18 Tage sind es im Durchschnitt von dem Zeitpunkt, ab dem klar ist, dass ein Mensch sterben wird, bis zu dem Tag, an dem er es tatsächlich tut. Viele Menschen leiden unter Schmerzen, der Darm wird träge, oder sie bekommen nicht mehr richtig Luft. Außerdem stehen schwere Entscheidungen an, wie zum Beispiel die Frage, ob eine Magensonde noch notwendig ist oder nicht. Daher brauchen Menschen in dieser Zeit eine besondere Betreuung. Die sollen auch Sterbende in Pflegeheimen bekommen, fordert die Deutsche Stiftung Patientenschutz.
Im Bundestag wird derzeit die Sterbehilfe diskutiert. Doch Eugen Brysch, Vorsitzender der Deutschen Stiftung Patientenschutz, geht es um ein Problem, das alle Menschen betrifft, deren Leben ein Ende nimmt. In Deutschland herrsche derzeit ein „Zwei-Klassen-Sterben“: Die jährlich rund 25.000 Menschen, die ihre letzten Tage in einem Hospiz verbringen, bekommen eine angemessene Versorgung. Aber Pflegeheime sind nicht aufs Sterben spezialisiert. Die Stiftung fordert daher dieselbe Betreuung für die jährlich rund 200.000 Menschen, die im Pflegeheim sterben.
In Pflegeheimen sollte es palliativ ausgebildetes Personal geben
Die momentane Situation skizziert der Vorsitzende wie folgt: Die Versorgung werde in vielen Pflegeheimen in Sparten unterteilt. Ein Arzt sieht mal vorbei, dann kommt mal der Pfleger, ein anderer wiederum sei für die psychosoziale Begleitung zuständig. „Wir bauen hier doch kein Auto zusammen“, sagt Brysch.
Die Idee der Stiftung: Auch in Pflegeheimen soll es palliativ ausgebildetes Personal geben. Nur ein kleiner Personenkreis soll sich um den Betroffenen kümmern, etwa 1,2 Pfleger pro Sterbendem. Zu den Aufgaben der Fachkräfte gehöre es beispielsweise auch, mit ihm zu sprechen. In Gießen sind Pflegekräfte zu diesem Thema befragt worden. Etwa ein Drittel antwortete, dass viele Menschen in ihren Heimen alleine sterben oder in ein Krankenhaus verlegt werden.
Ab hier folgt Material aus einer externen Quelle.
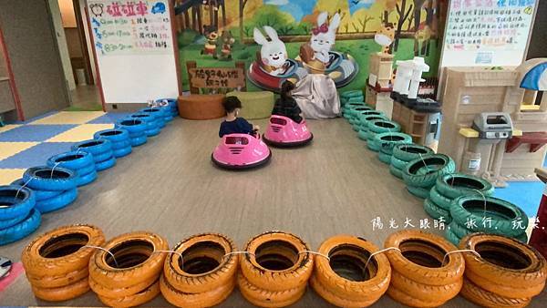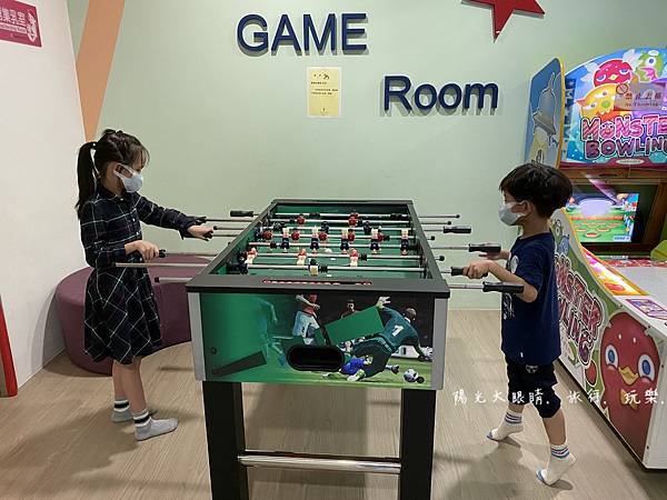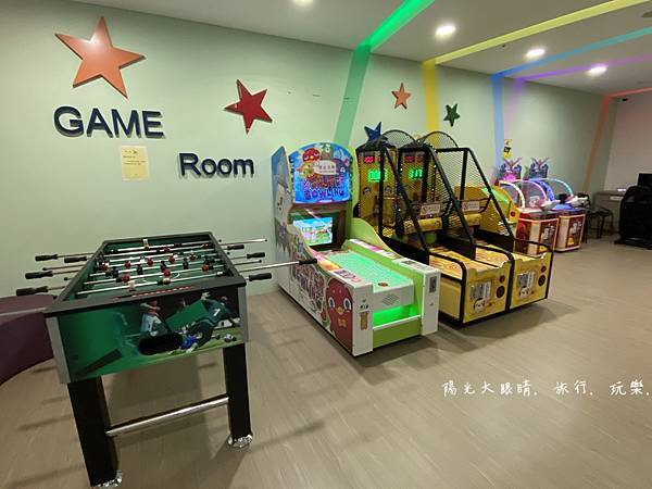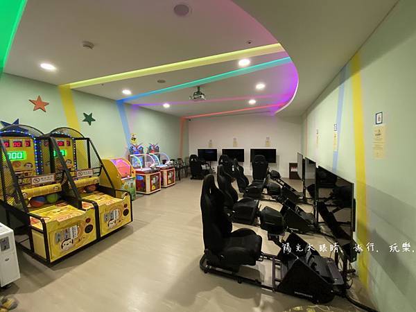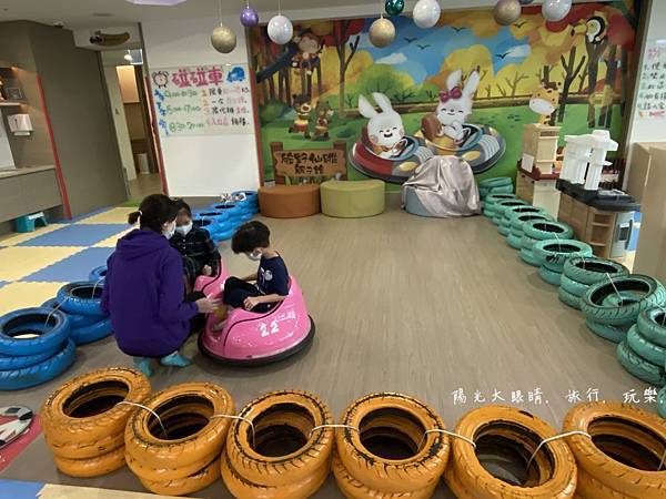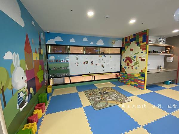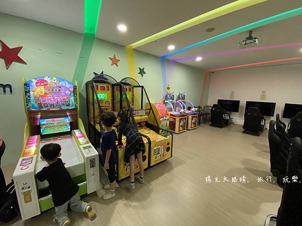 我們下午抵達飯店就直奔二樓的親子遊戲室,整個遊戲室空間很寬敞,有一處是溜滑梯球池區,適合愛玩球池的孩子,另一處是辦家家酒區,有廚房用具等適合女孩子,旁邊就是小小孩愛玩的碰碰車,不過它有開放時間限制喔!還有體重的限制,要玩之前工作人員會先量孩子的體重,合格了才會讓小孩進去玩。喜歡靜態的孩子,碰碰車旁邊有一個樂高積木牆可以自由創作,再來旁邊有個房間進去,就是電動遊戲區,可以跟工作人員報房號就可以玩賽車遊戲,附近還有需要投幣的投籃機跟一些遊戲機台。

Das soll ein Ende haben. Doch die Stiftung ist sich darüber im Klaren, dass es bei dieser Forderung auch ein großes Aber gibt: das Geld. Die Pflegeheime bräuchten mehr Personal und die Pfleger wiederum bräuchten eine zusätzliche Qualifikation zur Palliativ-Kraft – das kostet. Die Stiftung hat ein Modell erarbeitet, wonach diese Änderung 728 Millionen Euro zusätzlich für die Krankenkassen bedeuten würde. Das zweite große Aber: In der Pflege-Branche fehlt der Nachwuchs. Doch Brysch hofft, dass ein zusätzliches Berufsfeld Pflegekräfte und solche, die es werden wollen, motivieren wird. Für kleine Pflegeheime mit weniger als 25 Betten sieht das Modell eine extra Lösung vor. Sobald dort ein Arzt feststellt, dass der Tod eintreten wird, sollen die Patienten die Möglichkeit haben, in ein stationäres Hospiz zu wechseln.
Diskussion zum "Zwei-Klassen-Sterben"
Gesundheitsminister Hermann Gröhe (CDU) liegt das Modell vor. Die aktuellen Beratungen der Bundesregierung zum Hospiz- und Palliativgesetz bieten Brysch zufolge die beste Chance, jetzt „Nägel mit Köpfen zu machen“. Laut Stiftung sind vorerst nur kleine Schritte zu erwarten. Doch man werde die Diskussion zum Zwei-Klassen-Sterben auch weiterhin lebendig halten.